You can download the code from here or find it in the file modules/hdf/samples/create_read_write_datasets.cpp of the opencv_contrib source code library.

#include <iostream>
#include <opencv2/core.hpp>
#include <opencv2/hdf.hpp>
using namespace cv;
static void write_root_group_single_channel()
{
String filename = "root_group_single_channel.h5";
String dataset_name = "/single"; // Note that it is a child of the root group /
// prepare data
Mat data;
data = (cv::Mat_<float>(2, 3) << 0, 1, 2, 3, 4, 5, 6);
Ptr<hdf::HDF5> h5io = hdf::open(filename);
// write data to the given dataset
// the dataset "/single" is created automatically, since it is a child of the root
h5io->dswrite(data, dataset_name);
Mat expected;
h5io->dsread(expected, dataset_name);
double diff = norm(data - expected);
CV_Assert(abs(diff) < 1e-10);
h5io->close();
}
static void write_single_channel()
{
String filename = "single_channel.h5";
String parent_name = "/data";
String dataset_name = parent_name + "/single";
// prepare data
Mat data;
data = (cv::Mat_<float>(2, 3) << 0, 1, 2, 3, 4, 5);
Ptr<hdf::HDF5> h5io = hdf::open(filename);
// first we need to create the parent group
if (!h5io->hlexists(parent_name)) h5io->grcreate(parent_name);
// create the dataset if it not exists
if (!h5io->hlexists(dataset_name)) h5io->dscreate(data.rows, data.cols, data.type(), dataset_name);
// the following is the same with the above function write_root_group_single_channel()
h5io->dswrite(data, dataset_name);
Mat expected;
h5io->dsread(expected, dataset_name);
double diff = norm(data - expected);
CV_Assert(abs(diff) < 1e-10);
h5io->close();
}
/*
* creating, reading and writing multiple-channel matrices
* are the same with single channel matrices
*/
static void write_multiple_channels()
{
String filename = "two_channels.h5";
String parent_name = "/data";
String dataset_name = parent_name + "/two_channels";
// prepare data
Mat data(2, 3, CV_32SC2);
for (size_t i = 0; i < data.total()*data.channels(); i++)
((int*) data.data)[i] = (int)i;
Ptr<hdf::HDF5> h5io = hdf::open(filename);
// first we need to create the parent group
if (!h5io->hlexists(parent_name)) h5io->grcreate(parent_name);
// create the dataset if it not exists
if (!h5io->hlexists(dataset_name)) h5io->dscreate(data.rows, data.cols, data.type(), dataset_name);
// the following is the same with the above function write_root_group_single_channel()
h5io->dswrite(data, dataset_name);
Mat expected;
h5io->dsread(expected, dataset_name);
double diff = norm(data - expected);
CV_Assert(abs(diff) < 1e-10);
h5io->close();
}
int main()
{
write_root_group_single_channel();
write_single_channel();
write_multiple_channels();
return 0;
}

Explanation

The first step for creating a dataset is to open the file

Ptr<hdf::HDF5> h5io = hdf::open(filename);

For the function write_root_group_single_channel(), since the dataset name is /single, which is inside the root group, we can use

// write data to the given dataset
// the dataset "/single" is created automatically, since it is a child of the root
h5io->dswrite(data, dataset_name);

to write the data directly to the dataset without the need of creating it beforehand.
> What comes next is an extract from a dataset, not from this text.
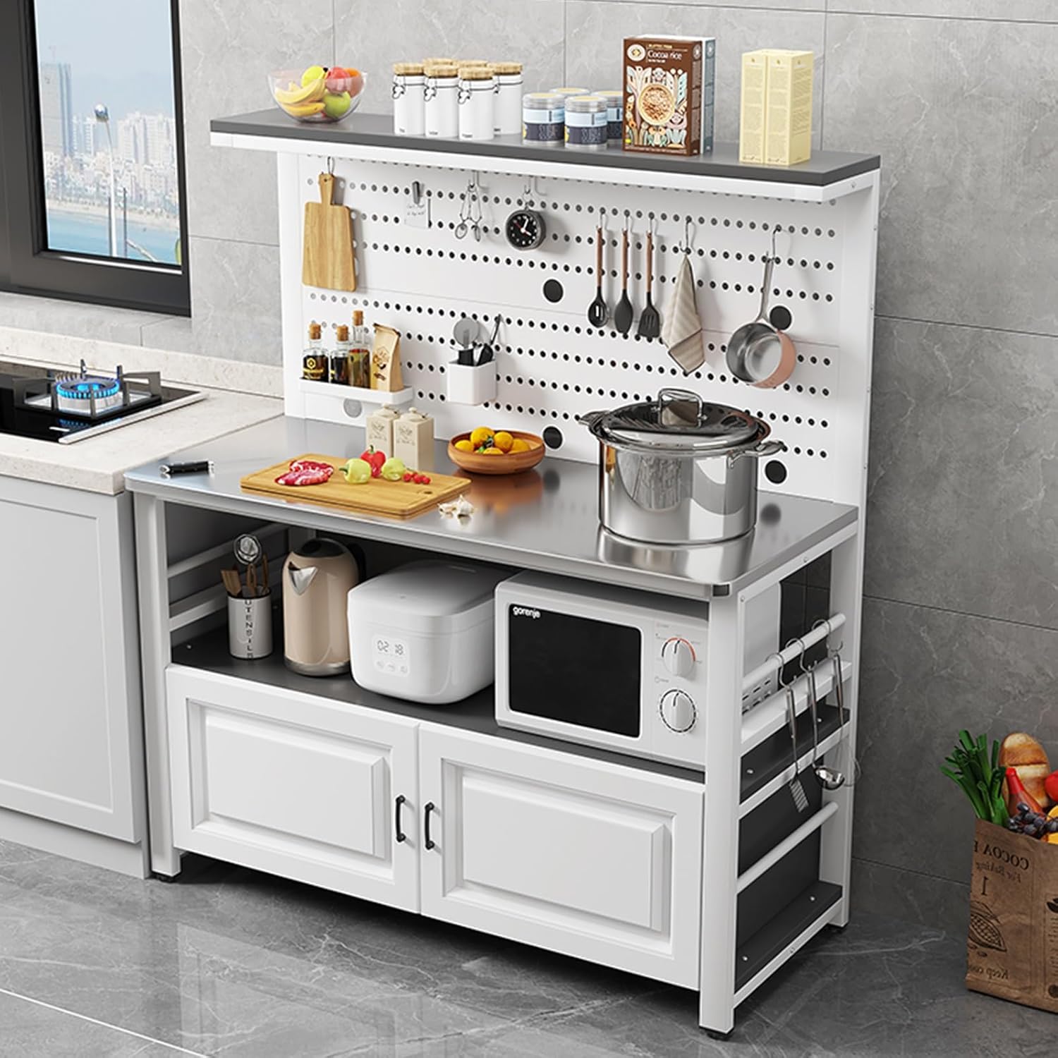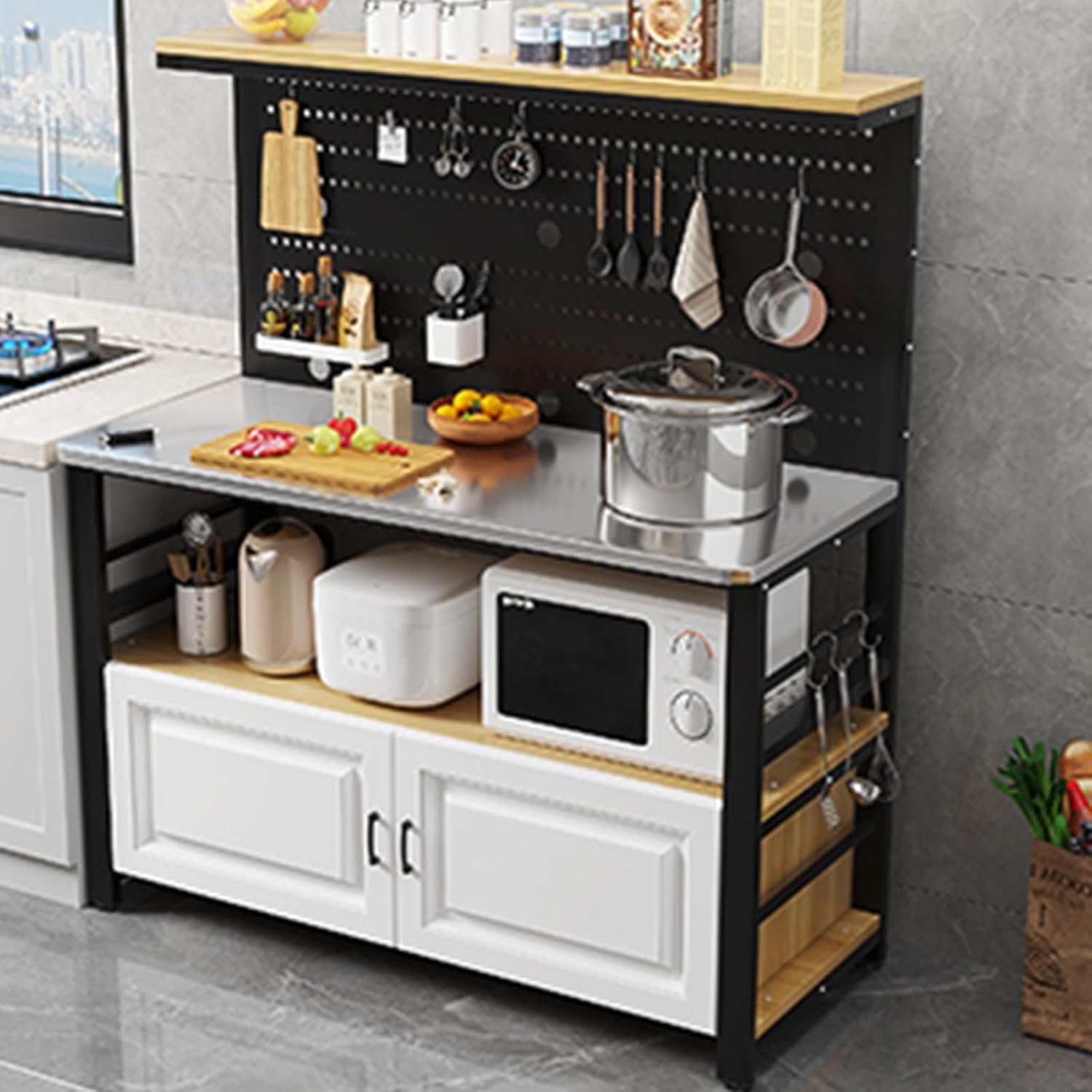 kitchen storage rack:Kitchen Prep Table, Storage Shelf with Lockers As a cupboard, it provides enough space for microwave, dishes and other kitchen appliances, great for extra space to free up your counter. Multifunctional Pegboard Features of the multifunctional pegboard, you can hold a variety of tools, make full use of space, and is convenient and fast. Stainless Steel Made of the thicker stainless steel, it can be used for long time. Rounded Edge The equipment stand is designed for safe with rounded edge. Convenient Hanging Hook With 4 accessory hanging hooks on the side, it is convenient and accessible way to hang your pots, pans, utensils, oven mitts, and more. roduct information Material: Stainless Steel+ Metal frame + Plate Product Dimensions Length: 58cm/23 inches,68cm/27 inches,78cm/31 inches,88cm/35 inches, 98cm/39 inches, 108cm/43 inches , 118cm/46 inches,128cm/50 inches,138cm/54 inches, Width: 40cm/16 inches, 50cm/20 inches Height: 140CM/55 inches Color: Black frame+gray , White frame+gray , Black frame+wood , White frame+wood , Black frame+white , White frame+white , Black frame+teak , White frame+teak , Black frame+black , White frame+black Assembly Required: Yes Our multifunctional storage cabinet will be an great choice for your home or office.

Because it is created inside cv::hdf::HDF5::dswrite() automatically.

Warning
This applies only to datasets that reside inside the root group.

Of course, we can create the dataset by ourselves:

// first we need to create the parent group
if (!h5io->hlexists(parent_name)) h5io->grcreate(parent_name);
// create the dataset if it not exists
if (!h5io->hlexists(dataset_name)) h5io->dscreate(data.rows, data.cols, data.type(), dataset_name);

To read data from a dataset, we use

Mat expected;
h5io->dsread(expected, dataset_name);

by specifying the name of the dataset.

We can check that the data read out is exactly the data written before by using

double diff = norm(data - expected);
CV_Assert(abs(diff) < 1e-10);

Results

Figure 1 shows the result visualized using the tool HDFView for the file root_group_single_channel. The results of matrices for datasets that are not the direct children of the root group are given in Figure 2 and Figure 3, respectively.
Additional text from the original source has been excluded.